Most people focus on training and protein when trying to build muscle. But a new study published in May 2025 found something important that often gets missed.
Magnesium and
zinc directly impact muscle growth, strength, and how well the body moves.
The study used a method called Mendelian randomisation. That means it didn’t just look at trends. It tested whether people with higher genetic levels of certain nutrients actually had better muscle health. And they did.
People with higher magnesium levels had more lean muscle and better muscle retention.
People with higher zinc
levels had faster walking pace and were more physically active.

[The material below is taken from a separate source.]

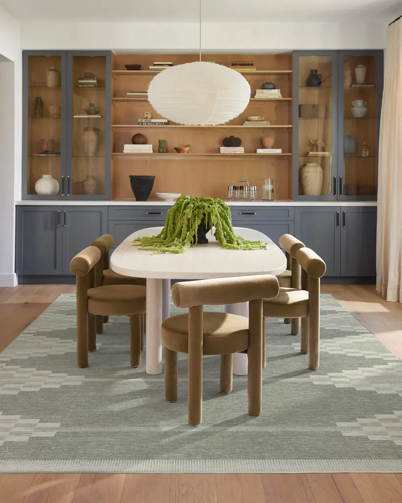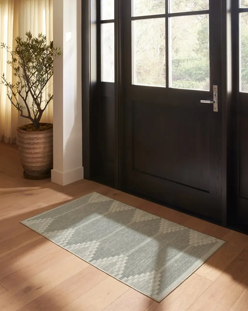 It's all in the details. Our Sloane Grey Rug features a creative geometric design with wide, ivory chevron borders against a neutral grey background, all inspired by a rustic hand loom. Water-resistant, stain-resistant, and machine-washable. Rug colors may vary slightly according to your device and the lighting in your space.
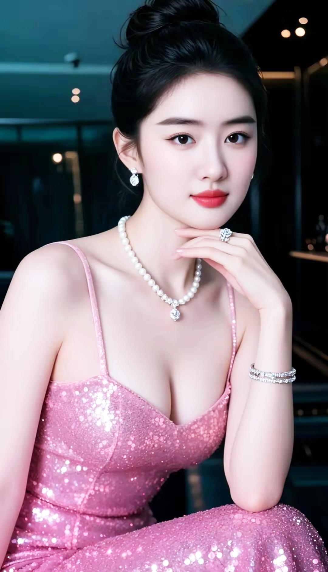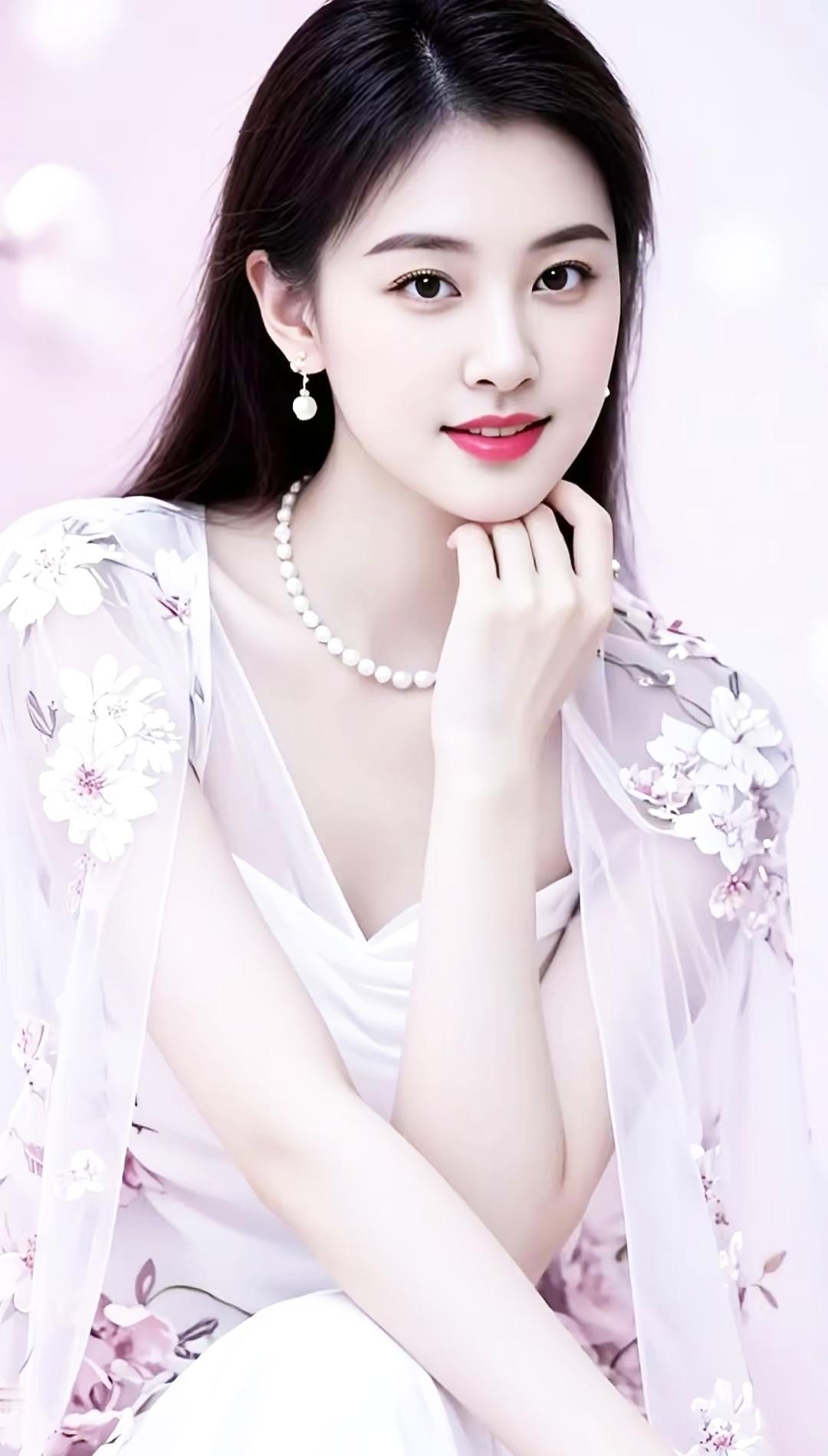 优雅气质女神,粉色花裙配珍珠项链,甜美动人!🌸💎

Omega-3s showed a complex result. The study found a link between higher omega-3 levels and lower lean muscle mass. That finding needs more research. But omega-3s are still known to support heart, brain, joints, and overall inflammation.
The key point is this: you don’t need a genetic test. Whether your levels come from your genes or your diet, the impact is the same. You
can raise them through food.
Start with magnesium-rich foods like leafy greens, pumpkin seeds, almonds, bananas, whole grains, and dark chocolate.
For zinc, include beef, chicken, eggs, chickpeas, lentils, and hemp seeds.
Low magnesium or zinc can leave you feeling tired, slow to recover, and stuck with poor progress. If that sounds familiar, these nutrients are worth a closer
look.
Training and protein still matter, but they’re not the whole picture. The study shows that supporting your body with the right nutrients makes a real difference.
This is one of those cases where small changes in what you eat can lead to better performance, better recovery, and more results. Simple, practical, and backed by research.